Re: Solr Cloud wiki and branch notes

Posted by Andrzej Bialecki <ab...@getopt.org>.

On 2010-01-16 18:18, Yonik Seeley wrote:
> On Fri, Jan 15, 2010 at 7:36 PM, Andrzej Bialecki<ab...@getopt.org>  wrote:
>> Hi,
>>
>> My 0.02 PLN on the subject ...
>>
>> Terminology
>> -----------
>> First the terminology: reading your emails I have a feeling that my head is
>> about to explode. We have to agree on the vocabulary, otherwise we have no
>> hope of reaching any consensus.
>
> We not only need more standardized terminology for email, but for
> exact strings to put in zookeeper.

Indeed.

>> I propose the following vocabulary that has
>> been in use and is generally understood:
>>
>> * (global) search index: a complete collection of all indexed documents.
>>  From a conceptual point of view, this is our complete search space.
>
> We're currently using "collection".  Notice how you had to add
> (global) to clarify what you meant.  I fear that a sentence like "what
> index are you querying" would need constant clarification.

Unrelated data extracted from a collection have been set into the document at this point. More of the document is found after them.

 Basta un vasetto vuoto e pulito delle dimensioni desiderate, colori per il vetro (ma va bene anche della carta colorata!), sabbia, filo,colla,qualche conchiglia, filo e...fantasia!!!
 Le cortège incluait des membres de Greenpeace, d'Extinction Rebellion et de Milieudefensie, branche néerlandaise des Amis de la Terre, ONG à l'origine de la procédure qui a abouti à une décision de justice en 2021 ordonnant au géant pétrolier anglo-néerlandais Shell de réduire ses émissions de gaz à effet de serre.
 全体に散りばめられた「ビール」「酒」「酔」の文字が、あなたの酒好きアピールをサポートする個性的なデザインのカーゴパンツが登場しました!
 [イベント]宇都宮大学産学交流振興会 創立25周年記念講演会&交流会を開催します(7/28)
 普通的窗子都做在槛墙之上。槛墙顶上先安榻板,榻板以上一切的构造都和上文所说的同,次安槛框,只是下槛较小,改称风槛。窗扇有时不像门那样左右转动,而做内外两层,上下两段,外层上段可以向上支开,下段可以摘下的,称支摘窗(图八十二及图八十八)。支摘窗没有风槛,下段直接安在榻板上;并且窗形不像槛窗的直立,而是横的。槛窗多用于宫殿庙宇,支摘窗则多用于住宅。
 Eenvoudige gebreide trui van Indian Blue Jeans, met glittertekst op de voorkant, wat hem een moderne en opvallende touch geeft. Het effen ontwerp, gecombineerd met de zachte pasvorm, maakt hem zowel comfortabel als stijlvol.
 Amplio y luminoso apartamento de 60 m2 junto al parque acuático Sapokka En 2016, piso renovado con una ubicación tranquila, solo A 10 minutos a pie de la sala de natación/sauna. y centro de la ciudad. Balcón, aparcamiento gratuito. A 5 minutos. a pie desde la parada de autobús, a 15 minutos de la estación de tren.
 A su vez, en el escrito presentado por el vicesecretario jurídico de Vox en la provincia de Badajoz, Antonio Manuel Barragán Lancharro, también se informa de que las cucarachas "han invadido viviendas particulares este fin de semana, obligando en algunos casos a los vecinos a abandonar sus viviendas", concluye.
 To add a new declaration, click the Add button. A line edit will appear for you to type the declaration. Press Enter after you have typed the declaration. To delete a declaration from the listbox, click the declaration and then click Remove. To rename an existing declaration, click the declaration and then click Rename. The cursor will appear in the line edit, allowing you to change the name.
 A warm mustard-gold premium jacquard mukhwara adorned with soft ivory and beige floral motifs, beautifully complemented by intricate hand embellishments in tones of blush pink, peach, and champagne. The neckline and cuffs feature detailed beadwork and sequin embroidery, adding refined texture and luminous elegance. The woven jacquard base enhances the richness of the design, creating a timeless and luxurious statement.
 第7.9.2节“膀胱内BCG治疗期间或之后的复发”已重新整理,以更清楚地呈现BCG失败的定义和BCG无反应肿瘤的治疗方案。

I avoided the word "collection", because Solr deploys various cores 
under "collectionX" names, leading users to assume that core == 
collection. "Global index" is two words but it's unambiguous. I'm fine 
with the "collection" if we clarify the definition and avoid using this 
term for other stuff.

>
>> * index shard: a non-overlapping part of the search index.
>
> When you get down to modeling it, this gets a little squishy and is
> hard to avoid using two words.
> Say the complete collection is covered by ShardX and ShardY.
>
> A way to model this is like so:
>
> /collection
>    /ShardX
>      /node1 [url=..., version=...]
>      /node2 [url=..., version=...]
>      /node3 [url=..., version=...]
>
> It becomes clearer that there are logical shards and physical shards.
> If shards are updateable, they may have different versions at
> different times.

Yes, but they are supposed to be ultimately consistent - that's where 
the replication comes in.

> It may also be that all the physical shards go down,
> but the logical "ShardX" remains.

Yes, as a missing piece of the global index not served currently by any 
node, thus leading to incomplete results.

>
> Even the statement "what shard did that response come from" becomes
> ambiguous since we could be talking a part of the index (ShardX) or we
> could be talking about the specific physical shard/server (it came
> from node2).

Agreed - but it could be as simple as qualifying this with "from shardX 
on node2".

This would be quite natural if you consider that even the same query 
submitted again could be answered by a different set of nodes that 
manage the same set of shards. E.g. with two nodes {n1, n2} and 2 shards 
{s1,s2}, and the replication factor of 2, the selection of what shard on 
what node contributes to the list of results could look like this (time 
in the Y axis):

q1 {n1:s1,n2:s2}
q2 {n1:s2,n2:s1}
...


>
>> All shards in the
>> system form together the complete search space of the search index. E.g.
>> having initially one big index I could divide it into multiple shards using
>> MultiPassIndexSplitter, and if I combined all the shards again, using
>> IndexMerger, I should obtain the original complete search index (modulo
>> changed Lucene docids .. doesn't matter). I strongly believe in
>> micro-sharding, because they are much easier to handle and replicate. Also,
>> since we control the shards we don't have to deal with overlapping shards,
>> which is the curse of P2P search.
>
> Prohibiting overlapping shards effectively prohibits ever merging or
> splitting shards online (it could only be an offline or blocking
> operation).  Anyway, in the opaque shard model (where clients create
> shards, and we don't know how they partitioned them), shards would
> have to be non-overlapping.

The opaque model means it's more difficult to support updates. IMHO it 
makes sense to start with a set of stricter assumptions in order to 
build something workable, and then relax them as we gain experience.

>
> As far as the future (allocation and rebalancing), I'm happy with a
> small-shard approach that avoids merging and splitting.  It carries
> some other nice little side benefits as well.
>
>> * partitioning: a method whereby we can determine the target shard ID based
>> on a doc ID.
>
> I think we're all using partitioning the same way, but that's a
> narrower definition than needed.
> A user may partition the index, and Solr may not have the mapping of
> docid to shard.

See above - of course this would be cool and extra convenient to users, 
but much more difficult to implement so that it supports updates.

>
> You've also used some slightly new terminology... "shard ID" as
> opposed to just shard, which reinforces the need for different
> terminology for the physical vs the logical.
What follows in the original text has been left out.